WAGERS SEMINAR SERIES AT UCL

Matt Wagers was across the pond at University College London last week, giving a series of talks as part of their linguistics seminar series. Matt reports:

“Last week I traveled to University College London to give a series of lectures in the Department of Linguistics. There I was hosted by Wing-Yee Chow, who is a Lecturer in Experimental Linguistics, and one of my collaborators. The first lecture, given to a public audience, was about the relationship between verbatim memory for whole sentences and how its degradation can be attributed to the ordinary forgetting that occurs in the course of language comprehension.
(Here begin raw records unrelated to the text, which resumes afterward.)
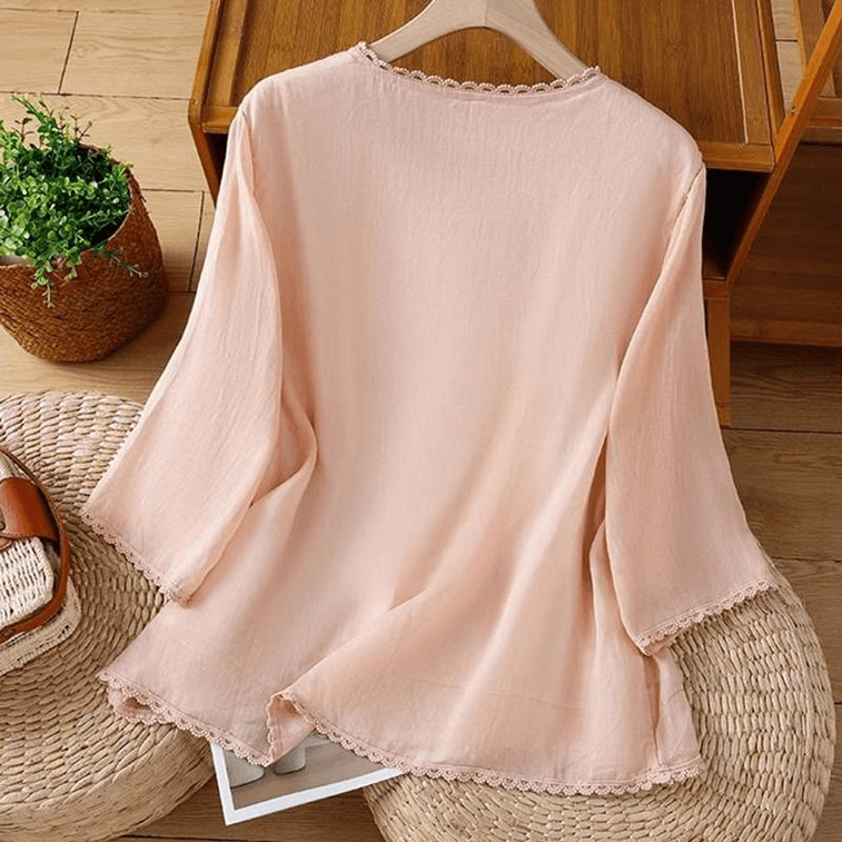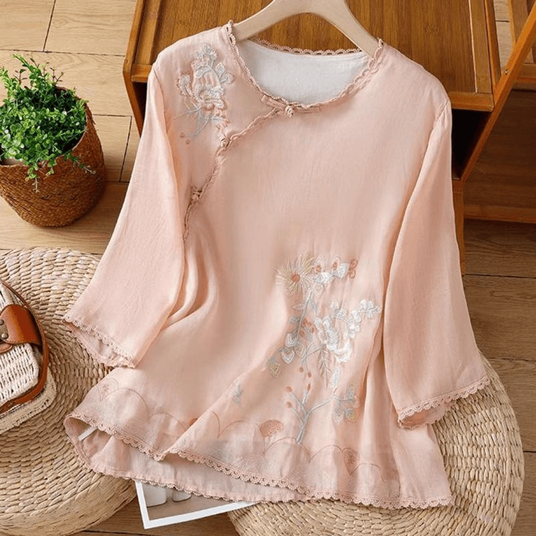 Chinese Style Cotton Linen Knot Button Embroidery Three-quarter Sleeve T Shirt Pink 4XL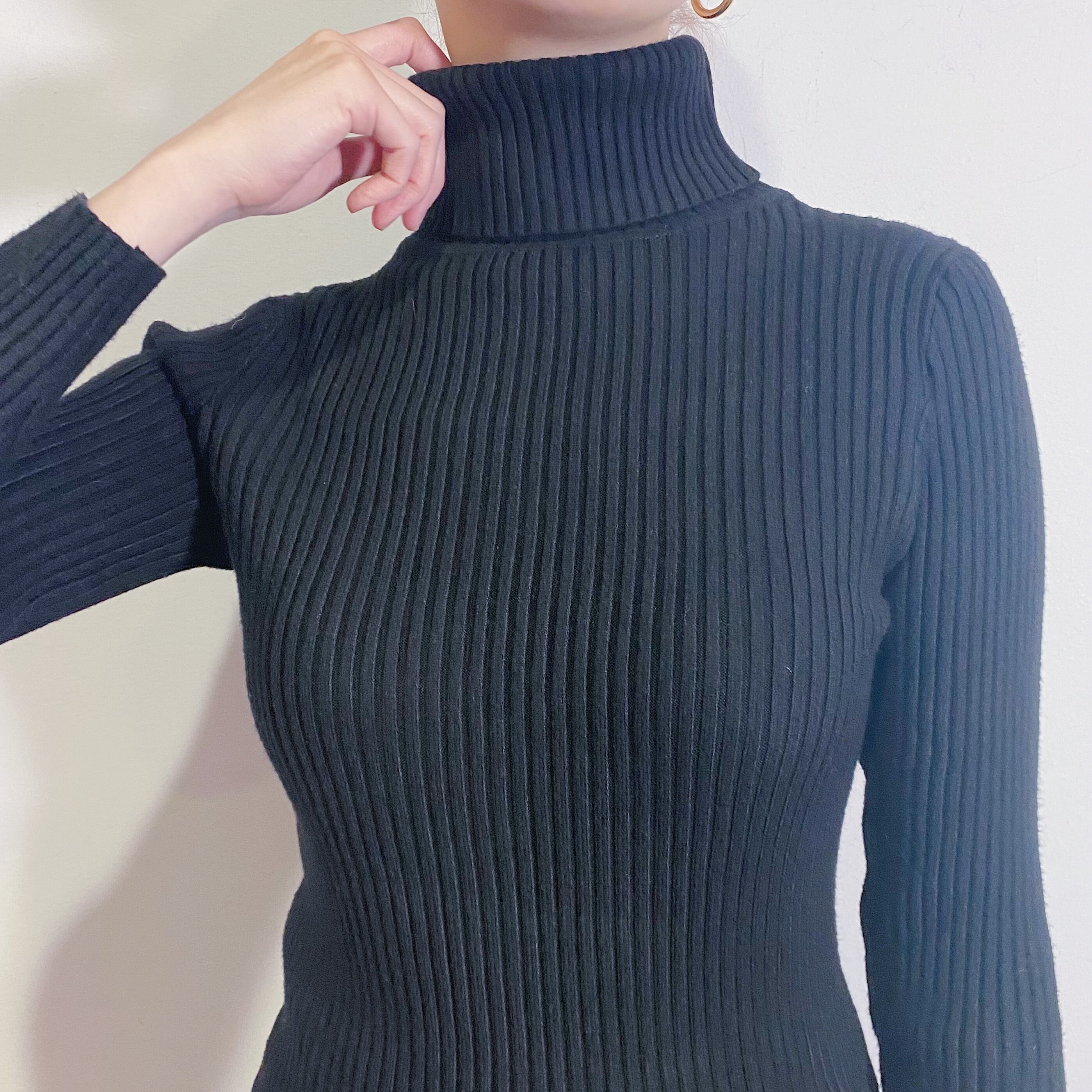 シンプルで使い勝手のいい、ブラックのタートルネックニットです。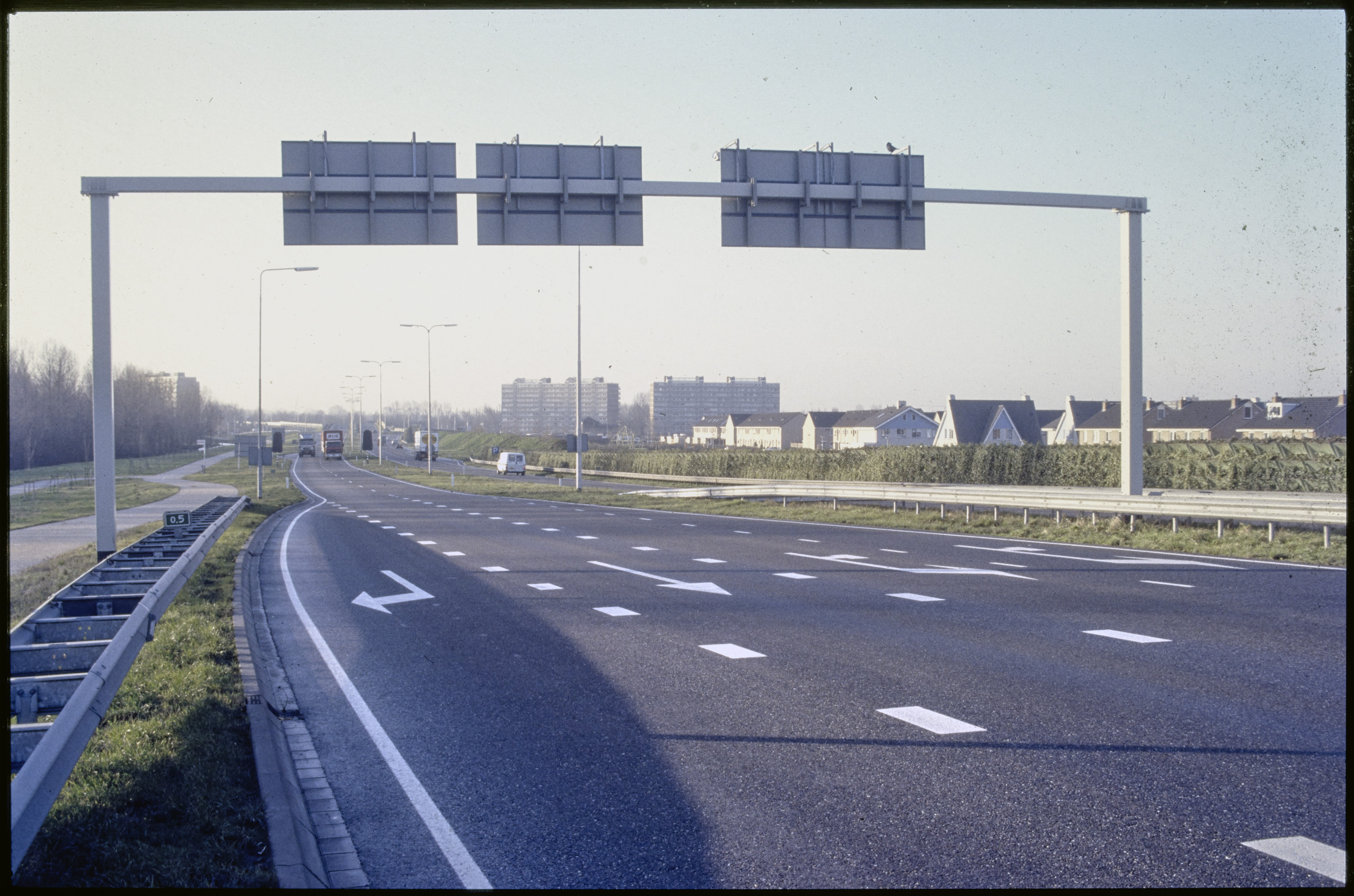 Rondweg N3 richting de Merwedebrug gezien vanaf de A15. Rechts twee flats aan de P.J.Oudstraat en links de flat aan de Zernikelaan in Papendrecht.

I was happy to be able to incorporate some of the research that Jenny, Tom, Jed & Steven did in my Fall Seminar. The second two talks were given as seminars, and both touched on the interaction between word order and morphological resources. There I drew upon my research on Chamorro with Sandy, as well as Jed’s research on Tagalog. Abstracts and notes can be found here. I was deeply impressed by the questions and contributions I received, which were simultaneously very perceptive but also friendly and constructive. In my free time, I did a lot of walking around London. Some highlights were visiting the Temple Church, a round church built in the 12th Century by the Templars, and attending a performance of the Duchess of Malfi, a rather grim (and rather long) Jacobean tragedy in which (nearly) everyone dies!

PS: While at UCL, I also met a Banana Slug: Caitlin Canonica (Linguistics B.A. 2010) who is currently a Ph.D. student in Linguistics at UCL.”

FARKAS SPEAKS NORTH OF THE BORDER

In other Ontario-related news, Donka Farkas recently gave a talk at the University of Toronto. Donka had this to report:

“This past week I visited University of Toronto, where I gave a talk on nominal semantics, for Michela Ippolito‘s research group, and a department colloquium on the semantics and discourse effects of declaratives and interrogatives. Among the familiar faces at the colloquium, there was Nathan Sanders, UCSC PhD, who is about to start teaching at Toronto. It was a joy to work with Michela and to spend some time with her lovely family. She sends a warm hello to her UCSC friends.”

SICHEL AT WCCFL

Last weekend, Ivy Sichel was among those who stampeded to WCCFL in Calgary, Alberta, where the Flames of linguistic enthusiasm burn bright. Ivy had this to say about the event:

“The beautiful thing about research in linguistics is that it is full of surprises. When you start studying something, you never know where you will end up. The paper I presented at WCCFL this past weekend is based on a joint project with Martina Wiltschko from UBC, in which we follow the lead of a curious “negative effect” sometimes associated with the use of demonstrative-pronouns in German and Hebrew. The study of its distribution revealed a surprising demonstrative-internal typology, in which deixis and anaphora are two sides of the same coin, rather than oppositional categories.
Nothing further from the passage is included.